Doing a backup after a restore fails #1178

rzvoncek · 2024-01-18T15:46:38Z

What happened?
During testing the DSE support, I ran into an issue were a backup of an already restored cluster does not happen. I did:

Used the most recent medusa (with the DSE snapshot recursion bug) (DefaultMedusaVersion = "c8609c8-tmp")
Configured a bigger minio volume (30G)
Make a DSE cluster with make single-up ; E2E_TEST="TestOperator/CreateSingleDseSearchDatacenterCluster" make e2e-test, but killed it before it created any backups.
Ran a backup with 1 node cluster.
Scaled the cluster to 3 nodes.
Started up an ubuntu pod, installed tlp-stress, loaded some data
Ran a few more backups
Created an index, tested a query.
Did one more backup.
Did a restore.
Confirmed a the data is back.
Rebuilt the search index, verified the search works again.
Did another backup, which failed. 1 node completed, 1 failed mid-way, 1 never started.

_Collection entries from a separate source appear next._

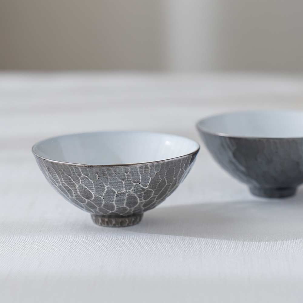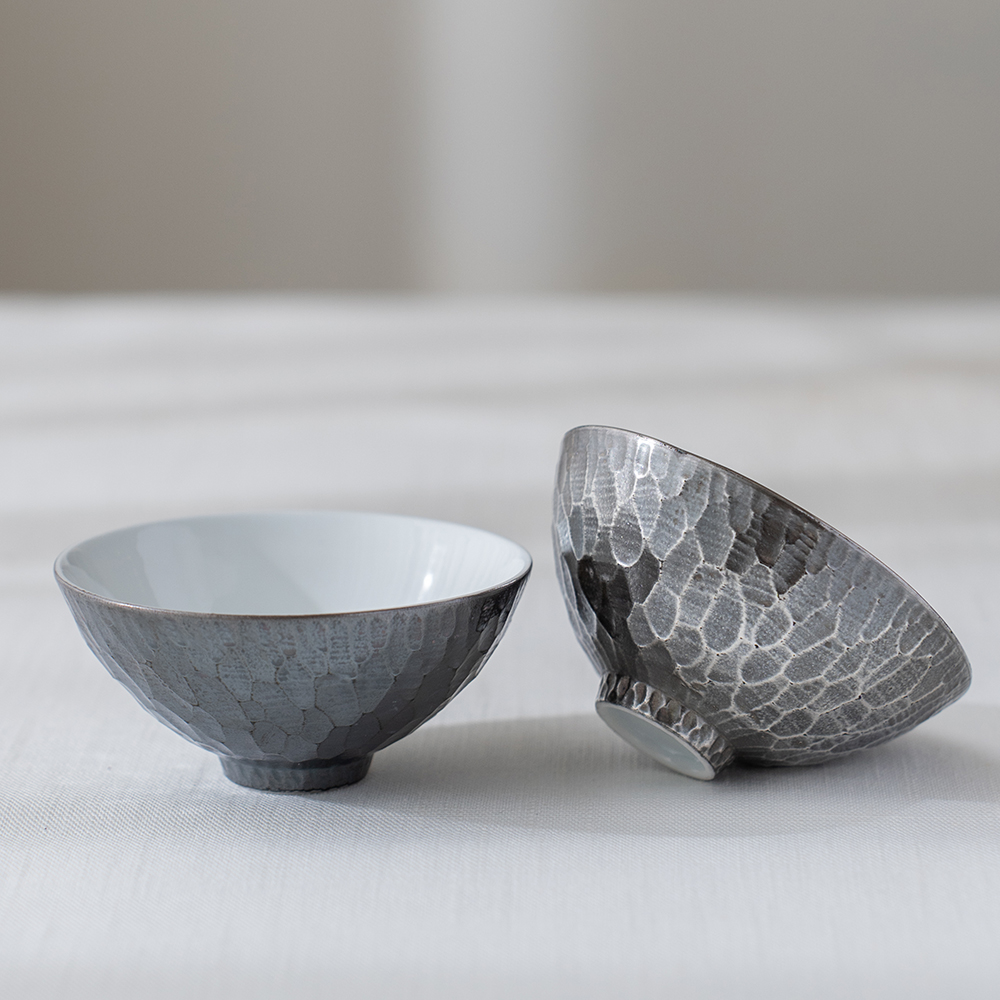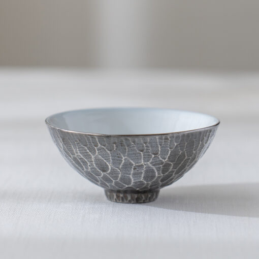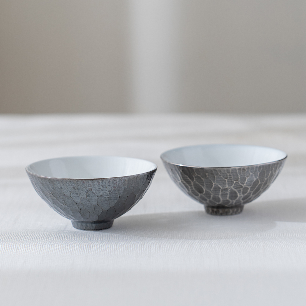 彷手敲槌目紋路的設計風格茶杯,獨有的深色古銀彩釉料,營造出如銀器般的華麗,卻有著瓷器的圓潤及溫暖手感,在任何空間中都能創造出品味風情。
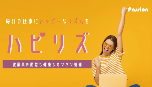 パッション パッションNEWS 【ハピリズ】毎日の仕事にハッピーなリズムを。 2022.03.24 「最近、テレワークでみんなの顔見てないなあ…」 従業員の健康面も勤怠も管理するのは難しい…。 そのお悩みハピリズ…
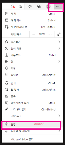 1. 마이크로소프트 엣지 브라우저를 연 다음 오른쪽 상단 점 3개를 클릭! 그리고 설정으로 들어간다.
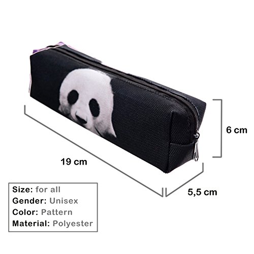 Pencil Case For Girl, GreenDimension Stationery Coin Purse Pouch Cosmetic Bag Makeup Brush Holder Black Cute Panda Animal Pattern Big Capacity Multifunction Students Storage Organizer With Zipper
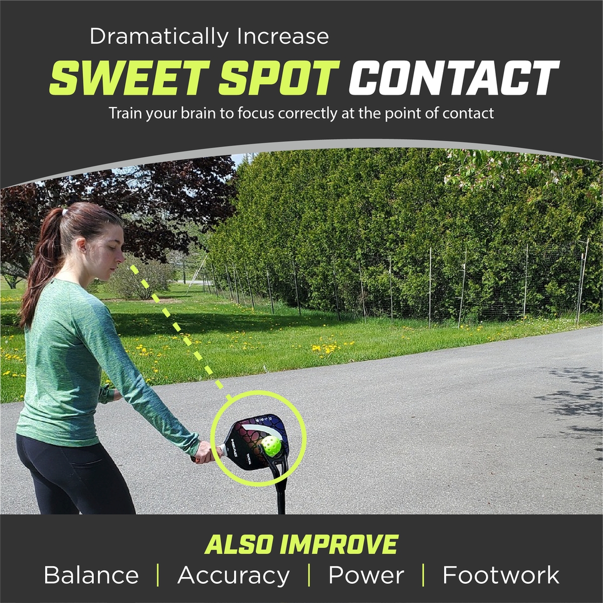 Sure, this instruction makes sense but unfortunately, recreational pickleball and tennis players hit off center the majority of the time! And, we all know that hitting in the center of percussion or “sweet spot” produces the most accurate and powerful shots!
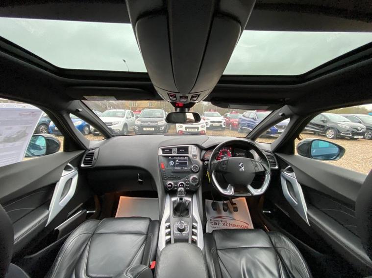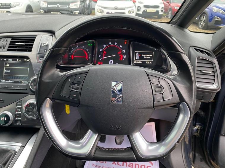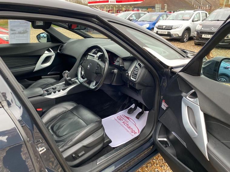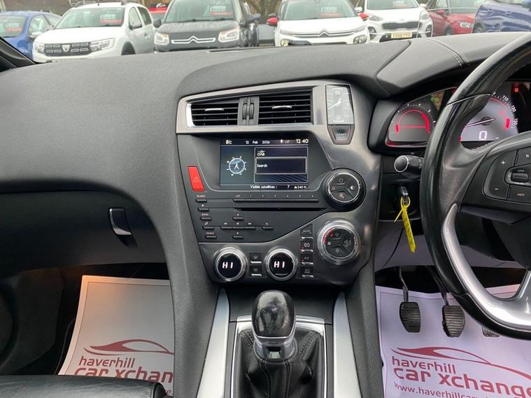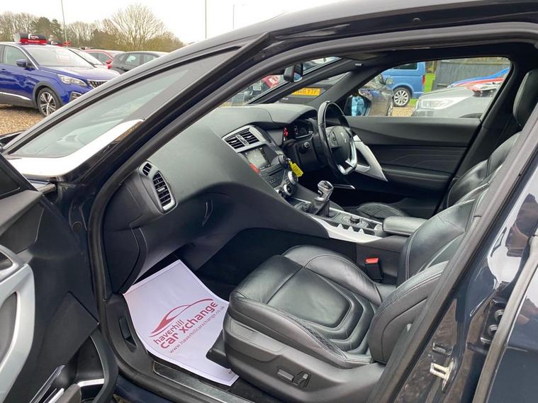 EMYWAY COLOUR SATELLITE NAVIGATION WITH EUROPEAN MAPPING+DAB DIGITAL RADIO+BLUETOOTH SYSTEM+DUAL ZONE CLIMATE CONTROL AIR-CONDITIONING+AUTOMATIC HEADLIGHT ACTIVATION+RAIN-SENSING WINDSCREEN WIPERS+LUXURIOUS LEATHER UPHOLSTERY+FRONT & REAR PARKING ASSISTANCE WITH PARKING CAMERA+SUNROOF+VAPOUR GREY PAINT+18 INCH ALLOY WHEELS. At Haverhill Car Xchange we would like to offer you our Citroen DS5 DSport Hatchback which has been finished in a metallic Vapour Grey paint with luxurious Black Leather upholstery. Excellent Specification Includes an eMYWAY Colour Satellite Navigation System-European Mapping, Live Traffic Information, eTouch Emergency and Assistance System, DAB Radio-CD-MP3 Player, Bluetooth System, Auxiliary Socket, USB Socket, 12 Volt Power Socket, Automatic Digital Air-Conditioning, Gear Efficiency Indicator, Cruise Control with Speed Limiter and Memory Settings, Electric Front and Rear Windows with One-Touch Operation and Anti-Pinch, Body Coloured Bumpers/Door Handles/ Rear Roof Spoiler and Door Mirrors with Integrated Side Indicators, Automatic Headlight Activation, Xenon Dual Function Headlights, Guide Me Home Headlight Function, Front Fog Lights with Cornering Function, Leather Upholstery, Sunroof, Front and Rear Parking Assistance with Parking Camera, Leather Multifunction Steering Wheel, 18 Inch Alloy Wheels, Variable Power Assisted Steering, Hill Start Assist, ABS Breaking System, Airbags, Alarm, Immobiliser, Remote Central Locking and ISOFIX Anchorage Points for Child Seats.
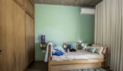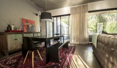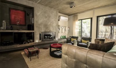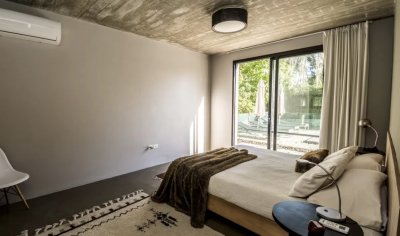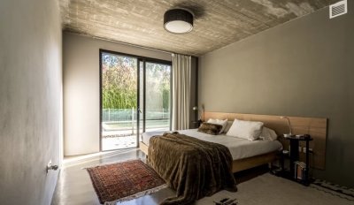 Moderna casa con techos de hormigón a la vista y pisos de microcemento alisado.
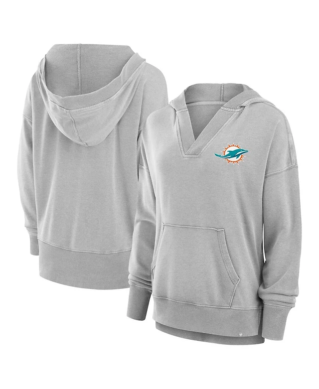 Fanatics Women's Heather Gray Miami Dolphins Initiative Snow Wash French Terry V-Neck Pullover Hoodie
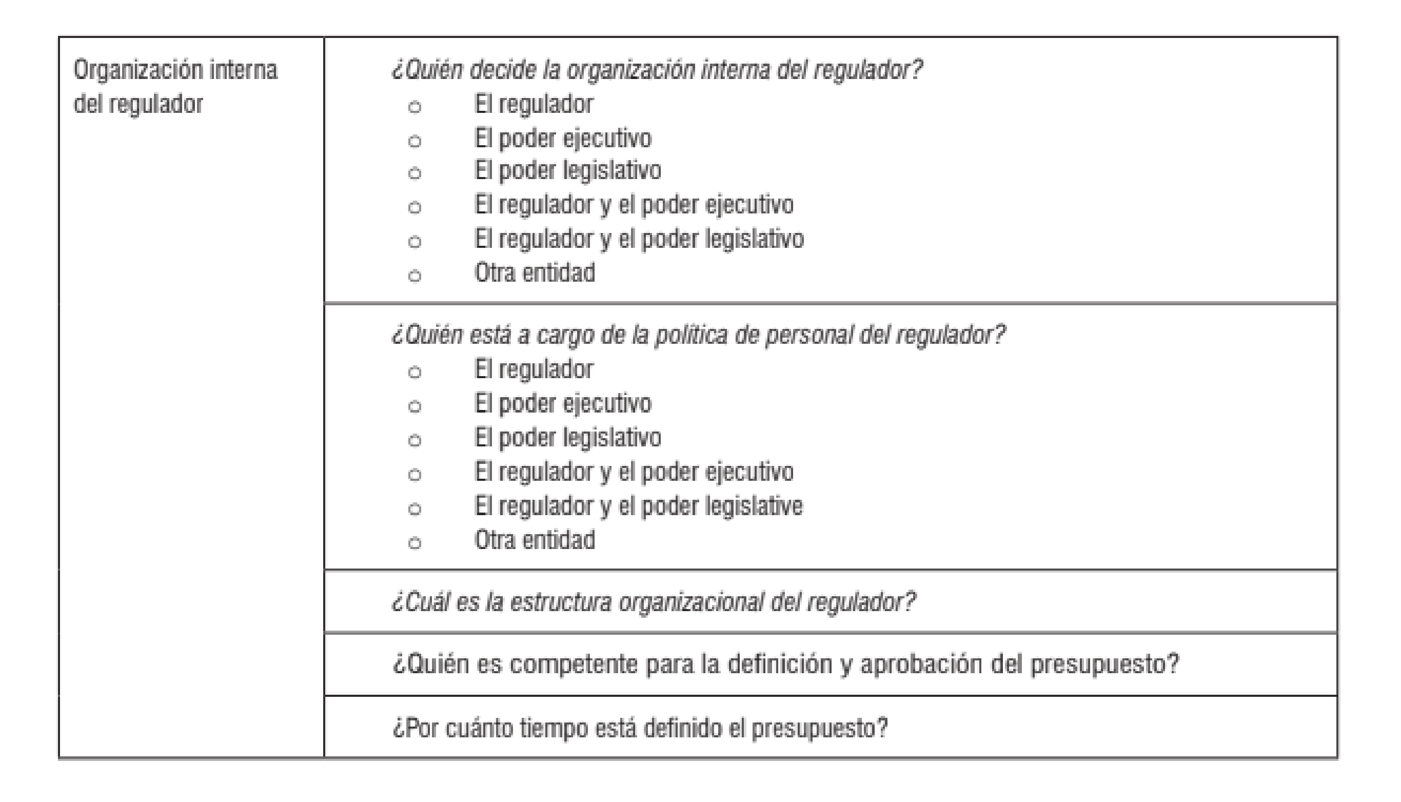 La tercera dimensión involucra la independencia financiera y organizacional de la autoridad regulatoria, también denominada indepedencia estructural, que implica que la autoridad regulatoria pueda determinar su organización interna y establecer sus políticas de personal, así como también fijar su presupuesto y gestionar su ejecución.
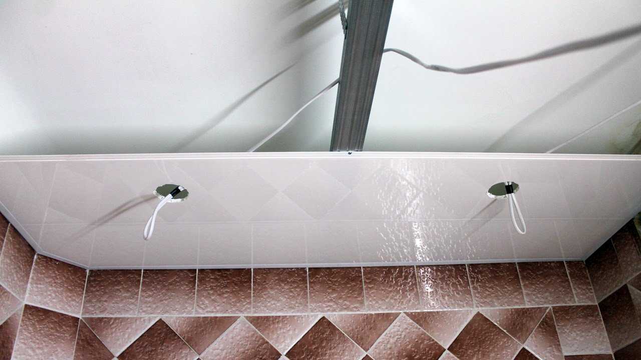 Использование натяжных потолков довольно популярно, потому что они не только устойчивы к влаге, но и позволяют выровнять неидеальную поверхность потолка.
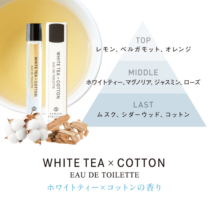 繊細で瑞々しいホワイトティーにフローラルを添え、コットンノートで包み込んだ穏やかさと清らかさが織りなす香り。
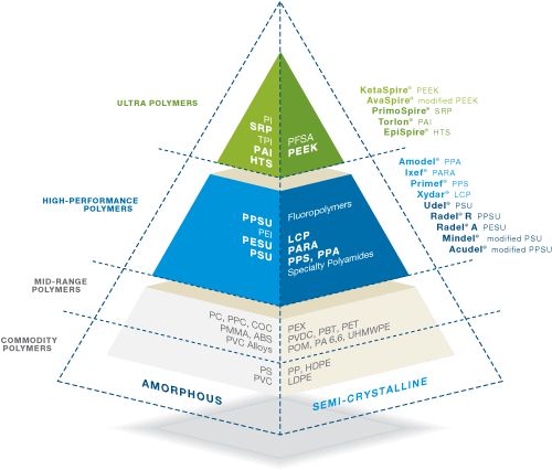 擁有許多不同的高性能和超高性能塑料家族的Solvay Advanced Polymers可以使您的選擇更廣闊。更多的材料選擇可以更加完美地滿足您的應用需求。為開發出精明而新穎的設計提供更多支持。我們可提供成百上千種不同的產品配方-包括改性和增強樹脂-因此,您可以根據需要確認一個解決方法,以滿足您的準確要求。
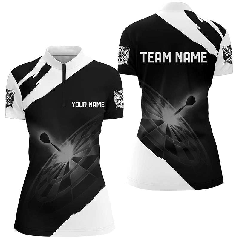 Black White Personalized Darts Quarter Zip Shirt Custom Dart Shirts For Women Dart Jerseys LDT1395
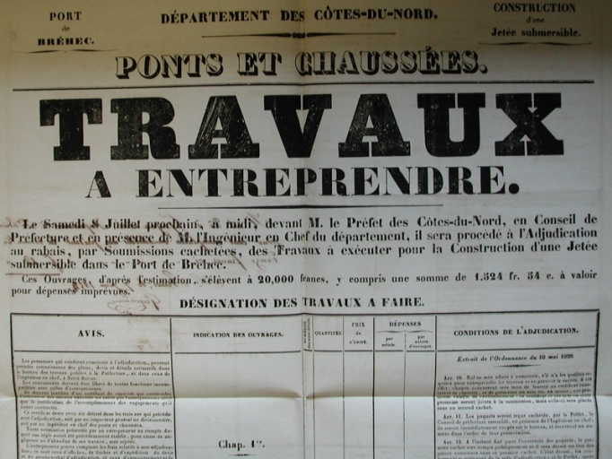 Affiche de l'adjudication de la 1ère jetée submersible de Bréhec (8 juillet 1854)Immatriculation
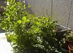 こちらはメキメキ育ったさやえんどう。花も咲いて実もなっているんだよ。
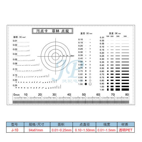 "菲林污点卡 标准点线规 菲林尺 比对卡片 外观检验规刮伤异物卡LZ-J-10(2张)不覆膜厚0.1MM"商品可能已被商家删除,您可查看其他相似商品!
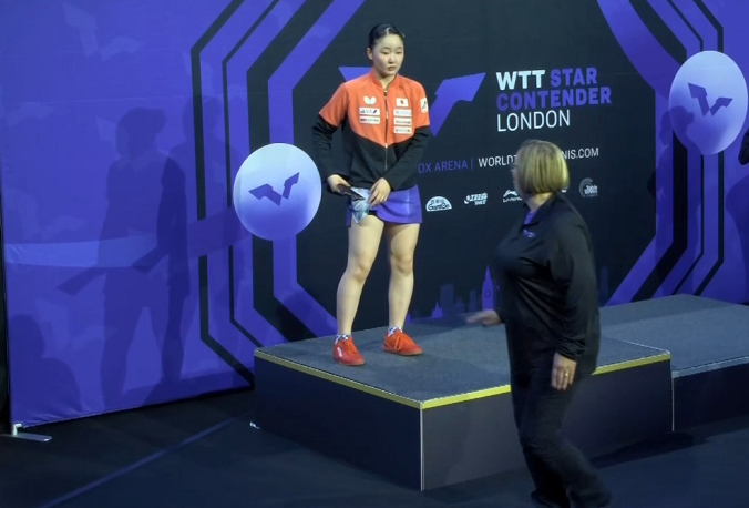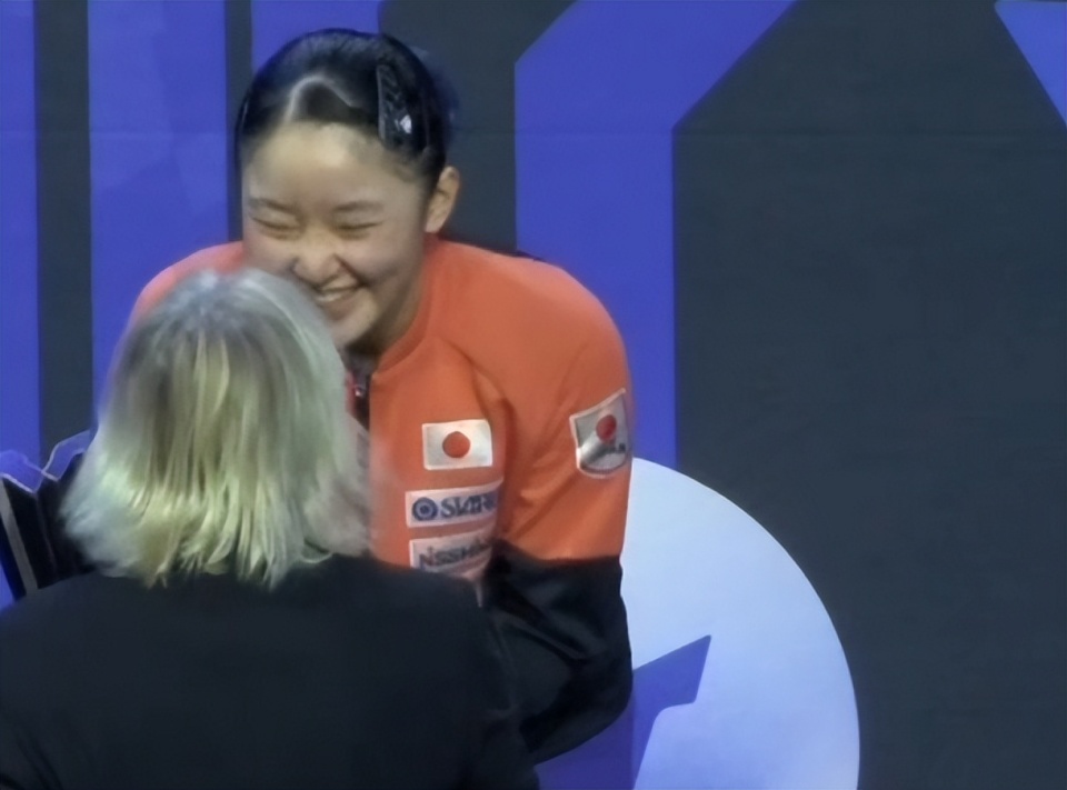 获得女单亚军的早田希娜首先登台领奖。早田希娜已经25岁,比张本美和大了8岁。张本美和属于小半辈的球员了。早田希娜输给张本美和,多少有点没面子。尤其在决赛中,早田希娜赢了前两局,第七局也占据了优势,竟然还输了,心理自然很不爽,甚至觉得憋屈。早田希娜面无表情地登上领奖台,黑着脸,显得很失落。她脑袋低垂,陷入沉思,估计还在想决赛失利的原因。

On the failing node, there was this in the medusa log:

# a lot of
WARNING:urllib3.connectionpool:Connection pool is full, discarding connection: minio-service.minio.svc.cluster.local
# then
ERROR:root:Error occurred during backup: Connection was closed before we received a valid response from endpoint URL: "http://minio-service.minio.svc.cluster.local:9000/k8ssandra-medusa/test/test-dc1-default-sts-2/data/tlp_stress/sensor_data-41ab3cd0b60f11ee8f9665415b594bf9/bb-244-bti-Data.db?uploadId=NmM2ZDlmOGYtYWZlYy00MzlhLThmMWMtYzE5NGNkMzAwMDBmLjU3MWFiMDg4LWFjMGMtNGRkZC1hOGJjLTc4YmFlMzdmMWNiMQ&partNumber=194".
[2024-01-18 15:22:03,162] ERROR: Error occurred during backup: Connection was closed before we received a valid response from endpoint URL: "http://minio-service.minio.svc.cluster.local:9000/k8ssandra-medusa/test/test-dc1-default-sts-2/data/tlp_stress/sensor_data-41ab3cd0b60f11ee8f9665415b594bf9/bb-244-bti-Data.db?uploadId=NmM2ZDlmOGYtYWZlYy00MzlhLThmMWMtYzE5NGNkMzAwMDBmLjU3MWFiMDg4LWFjMGMtNGRkZC1hOGJjLTc4YmFlMzdmMWNiMQ&partNumber=194".
Traceback (most recent call last):
  File "/home/cassandra/.local/lib/python3.10/site-packages/urllib3/connectionpool.py", line 670, in urlopen
    httplib_response = self._make_request(
  File "/home/cassandra/.local/lib/python3.10/site-packages/urllib3/connectionpool.py", line 392, in _make_request
    conn.request(method, url, **httplib_request_kw)
  File "/home/cassandra/.local/lib/python3.10/site-packages/botocore/awsrequest.py", line 96, in request
    rval = super().request(method, url, body, headers, *args, **kwargs)
  File "/usr/lib/python3.10/http/client.py", line 1283, in request
    self._send_request(method, url, body, headers, encode_chunked)
  File "/usr/lib/python3.10/http/client.py", line 1329, in _send_request
    self.endheaders(body, encode_chunked=encode_chunked)
  File "/usr/lib/python3.10/http/client.py", line 1278, in endheaders
    self._send_output(message_body, encode_chunked=encode_chunked)
  File "/home/cassandra/.local/lib/python3.10/site-packages/botocore/awsrequest.py", line 130, in _send_output
    self._handle_expect_response(message_body)
  File "/home/cassandra/.local/lib/python3.10/site-packages/botocore/awsrequest.py", line 176, in _handle_expect_response
    self._send_message_body(message_body)
  File "/home/cassandra/.local/lib/python3.10/site-packages/botocore/awsrequest.py", line 209, in _send_message_body
    self.send(message_body)
  File "/home/cassandra/.local/lib/python3.10/site-packages/botocore/awsrequest.py", line 223, in send
    return super().send(str)
  File "/usr/lib/python3.10/http/client.py", line 995, in send
    self.sock.sendall(datablock)
ConnectionResetError: [Errno 104] Connection reset by peer

So it seems like a closed connection, but it's unclear where in Medusa we retry to handle this.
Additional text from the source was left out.